The FTSE 100 has been flirting with the 6,900 level for much of this year.
Only last week, the UK’s leading index hit a 14-year high of 6,898.6, just 52 points below its 1999 all-time high of 6,950.
However, the impact of inflation means that comparisons with past values are largely irrelevant, despite their claimed ‘significance’.
After all, inflation means that £6,950 in 1999 was equivalent to approximately £10,000 today, suggesting that the FTSE 100 could be 30% cheaper than it was 14 years ago.
Is the FTSE cheap?
For investors in index-tracking funds such as the Vanguard FTSE 100 ETF (LSE: VUKE) or iShares FTSE 100 ETF (LSE: ISF), what’s important is how the FTSE is valued today — and what kind of dividend income can be expected:
FTSE 100 valuation |
Current value |
P/E |
13.8 |
Dividend yield |
3.4% |
Source: FT
Based on these figures, the FTSE is quite modestly valued, especially as these dividends are covered more than twice by earnings, on average.
Not quite that simple
Of course, it’s not quite that simple. The FTSE 100 is heavily weighted towards the oil, mining and financial sectors.
Royal Dutch Shell alone accounts for 14.5% of the FTSE 100’s total market capitalisation, while the next ten largest companies account for another 35%. This means that if you invest in a FTSE 100 tracker, 50% of your money will be invested in just 11 companies.
Given this, I think it’s worth taking a look at the average valuations of the companies in question, listed in descending size order:
Company |
2014 forecast P/E |
2014 prospective yield |
FTSE 100 weighting |
Royal Dutch Shell |
10.5 |
4.7% |
14.5% |
HSBC Holdings |
11.7 |
5.0% |
5.8% |
BHP Billiton |
11.9 |
4.2% |
4.6% |
BP |
9.3 |
5.4% |
4.0% |
Unilever |
20.3 |
3.3% |
3.6% |
GlaxoSmithKline |
15.1 |
5.6% |
3.2% |
British American Tobacco |
16.9 |
4.1% |
3.1% |
Rio Tinto |
9.8 |
4.1% |
2.7% |
AstraZeneca |
17.1 |
3.8% |
2.7% |
SABMiller |
21.2 |
2.1% |
2.5% |
Vodafone |
31.1 |
5.5% |
2.5% |
Source: Consensus forecasts
The largest four firms all have low valuations, which help keep the FTSE average P/E down, despite the fact that firms such as Unilever, AstraZeneca, British American Tobacco, SABMiller and Vodafone have much stronger valuations.
Looking at the figures in this way, it’s clear that not all companies in the FTSE 100 are cheap — far from it.
Is the FTSE a buy?
There’s no way of knowing what the FTSE 100 will do over the next year.

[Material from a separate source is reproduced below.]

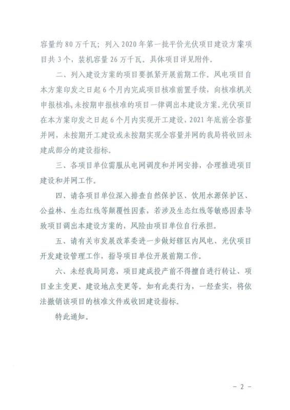 通知要求,列入建設(shè)方案的項(xiàng)目要抓緊開展前期工作,在本方案印發(fā)之日起6個月內(nèi)實(shí)現(xiàn)開工建設(shè),2021年底前全容量并網(wǎng),未按期開工建設(shè)或未按期實(shí)現(xiàn)全容量并網(wǎng)的我局將收回未建成部分的建設(shè)指標(biāo)。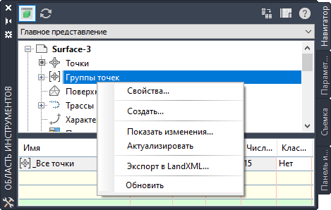 Окно "Область инструментов" является интегрированным компонентом интерфейса пользователя, из которого можно обратиться к командам, стилям и данным. Оно используется для доступа к вкладкам Навигатор, Параметры, Съемка и Панель инструментов. Для вызова команд щелкните правой кнопкой мыши на коллекции или элементе на одной из этих вкладок.

What is certain, however, is that a reliable yield of 3.4%, plus likely long-term capital appreciation, is considerably more than you’ll get from most savings accounts.
Of course, the main downside of sticking with a tracker is that you won’t be able to outperform the index — something that’s definitely possible with a portfolio of individual shares.